[GOAL OF THE EXERCISE]
The exercise calls for exact output of the lines between the one that contains "Trên cánh đồng" and the end of the data, with both ends kept and pictures left out.

BEGIN

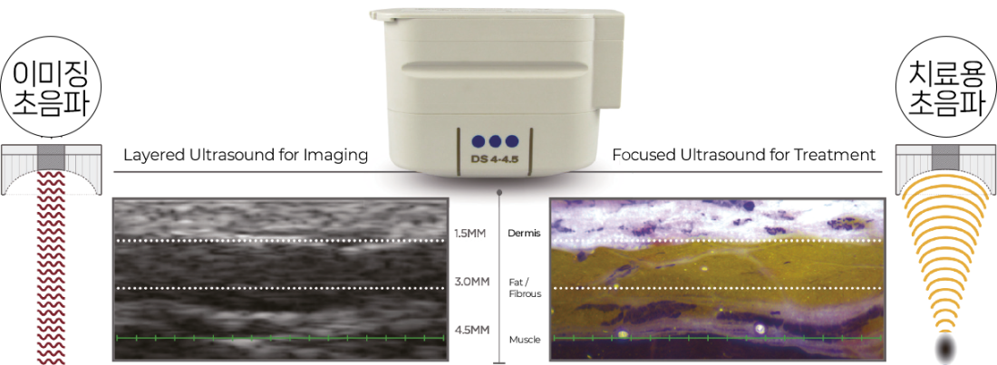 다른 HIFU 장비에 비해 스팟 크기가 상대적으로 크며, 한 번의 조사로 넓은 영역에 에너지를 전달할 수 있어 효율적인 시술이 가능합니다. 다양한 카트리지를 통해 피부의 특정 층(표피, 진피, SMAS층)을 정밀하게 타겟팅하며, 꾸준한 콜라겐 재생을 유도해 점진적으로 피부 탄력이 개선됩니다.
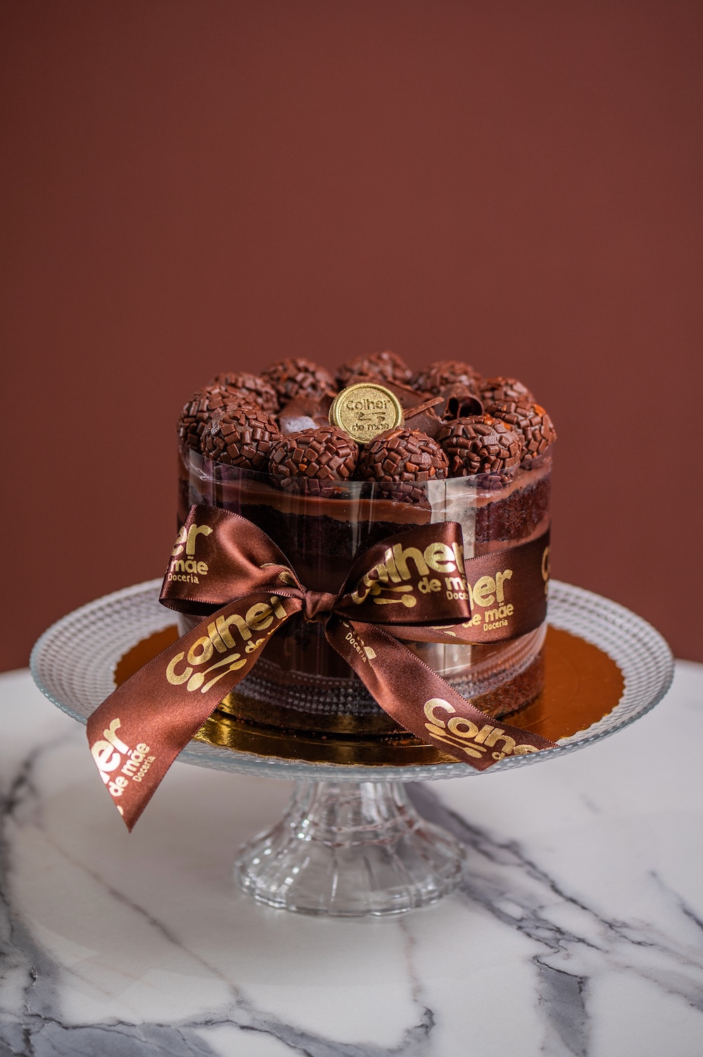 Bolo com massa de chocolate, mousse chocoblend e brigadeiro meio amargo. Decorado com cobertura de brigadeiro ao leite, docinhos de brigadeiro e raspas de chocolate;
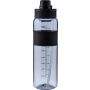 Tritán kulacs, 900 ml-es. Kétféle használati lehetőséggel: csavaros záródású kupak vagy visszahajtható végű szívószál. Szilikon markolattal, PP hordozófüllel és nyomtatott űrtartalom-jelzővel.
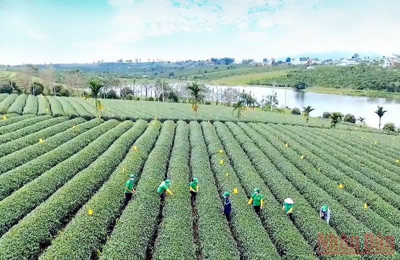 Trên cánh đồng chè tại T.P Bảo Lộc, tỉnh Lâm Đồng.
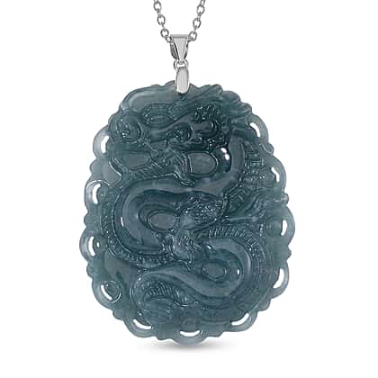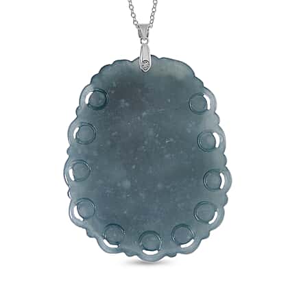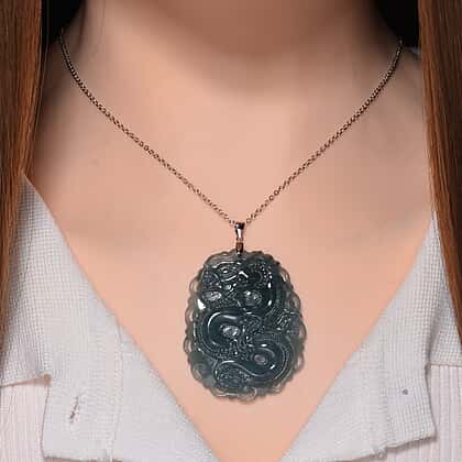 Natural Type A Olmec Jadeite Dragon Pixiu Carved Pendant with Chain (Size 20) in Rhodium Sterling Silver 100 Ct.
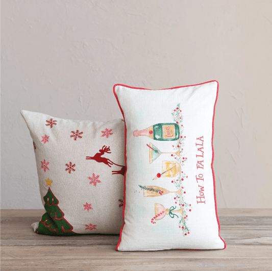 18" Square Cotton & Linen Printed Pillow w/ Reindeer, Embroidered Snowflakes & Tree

END

[TASK RESPONSE]
 Trên cánh đồng chè tại T.P Bảo Lộc, tỉnh Lâm Đồng.
 Natural Type A Olmec Jadeite Dragon Pixiu Carved Pendant with Chain (Size 20) in Rhodium Sterling Silver 100 Ct.
 18" Square Cotton & Linen Printed Pillow w/ Reindeer, Embroidered Snowflakes & Tree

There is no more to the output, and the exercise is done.